--- Material to process ---

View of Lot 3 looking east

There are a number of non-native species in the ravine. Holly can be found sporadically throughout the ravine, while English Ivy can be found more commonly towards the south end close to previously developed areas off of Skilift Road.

...

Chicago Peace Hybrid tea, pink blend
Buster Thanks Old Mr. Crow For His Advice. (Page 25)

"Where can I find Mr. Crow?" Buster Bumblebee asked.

--

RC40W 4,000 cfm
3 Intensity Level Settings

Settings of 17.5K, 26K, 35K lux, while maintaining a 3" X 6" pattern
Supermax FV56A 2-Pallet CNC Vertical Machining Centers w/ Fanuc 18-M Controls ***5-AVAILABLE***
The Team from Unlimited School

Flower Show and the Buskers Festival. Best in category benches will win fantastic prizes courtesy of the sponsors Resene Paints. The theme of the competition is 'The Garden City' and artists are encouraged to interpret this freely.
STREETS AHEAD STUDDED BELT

--- Task statement ---
Scan the material above and copy every line that holds the string "Buster".

--- Result for this task ---
Buster Thanks Old Mr. Crow For His Advice. (Page 25)
"Where can I find Mr. Crow?" Buster Bumblebee asked.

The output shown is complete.